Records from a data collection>
§ §
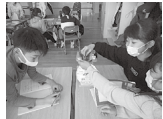
学ぶ意欲を育む体験的な活動を取り入れた授業
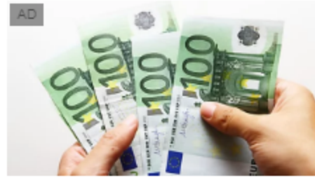
Guadagnare un secondo stipendio al mese investendo su Amazon Vici Marketing
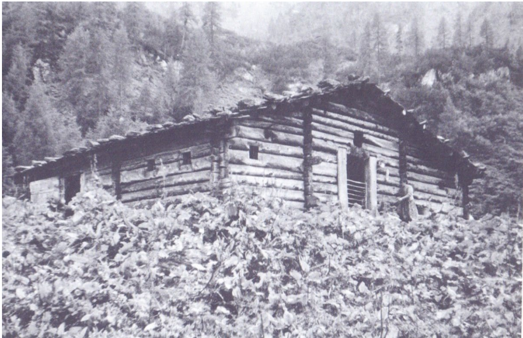
Фото 2.1.5. Хижина (Almhütte), 1961 г.

Взято из: Jungmeier M. Almen – Wissenschaftliche Schriften. Natur, Kultur und Nutzungen. Klagenfurt: Verlag Carintia GmbH & Co KG, 2004. S.46.
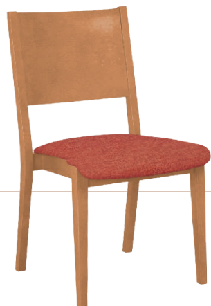
VAREL 651 ST "A" 890 (H) x 580 (T) x 500 mm (B) Abbildung mit Lehne A
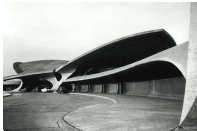
JFK-flygplatsen av Eero Saarinen
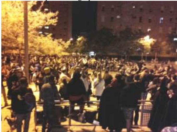
Batucada a la plaza con grupos invitados
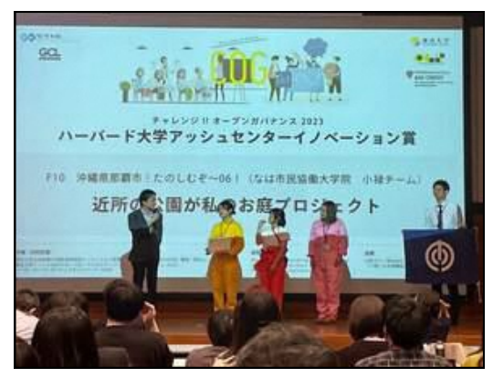
「ハーバード大学アッシュセンターイノベーション賞」を受賞した楽しむぞ～！06
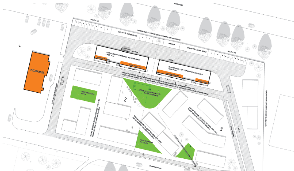
Figur 2. Inlämnad ansökan avser två större flerbostadshus med verksamheter i bottenplan. Norr om bostadskvarteret närmast Vännäsvägen föreslås en långsträckt parkeringslänga som fungerar som bullserskydd. Ansökan gäller även planmässiga

Planansökan gäller omvandling av befintligt industriområde till bostadskvarter med varierande skala och hustypologi. Planansökan gäller även planmässig bekräftelse av den friliggande snabbmatsrestaurang som beviljades bygglov 2021.
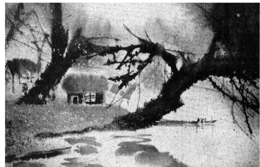
春日 冯骥才 作 发表于《文艺报》1996年5月24日
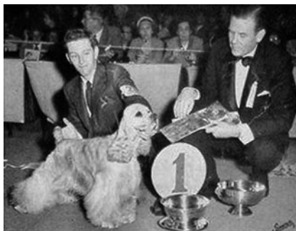
Carmor's Rise And Shine
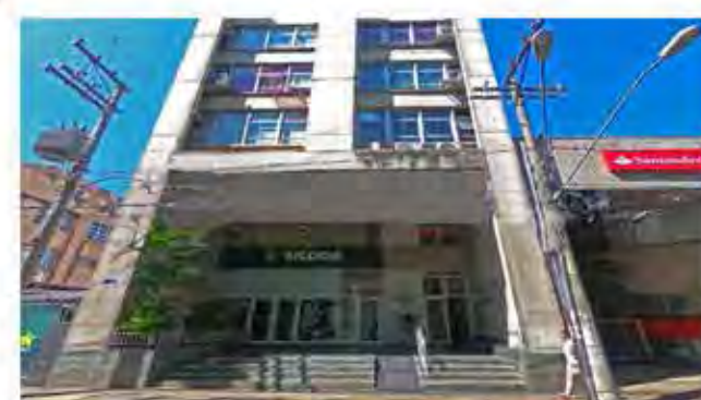
Código 8442 SALA COM APROXIMADAMENTE 82,00M², WC E COZINHA - Centro - Rio Claro - Valor Locação: R$666,67
§ §
Pull each line containing the word "gäller" out of the data above.

Figur 2. Inlämnad ansökan avser två större flerbostadshus med verksamheter i bottenplan. Norr om bostadskvarteret närmast Vännäsvägen föreslås en långsträckt parkeringslänga som fungerar som bullserskydd. Ansökan gäller även planmässiga
Planansökan gäller omvandling av befintligt industriområde till bostadskvarter med varierande skala och hustypologi. Planansökan gäller även planmässig bekräftelse av den friliggande snabbmatsrestaurang som beviljades bygglov 2021.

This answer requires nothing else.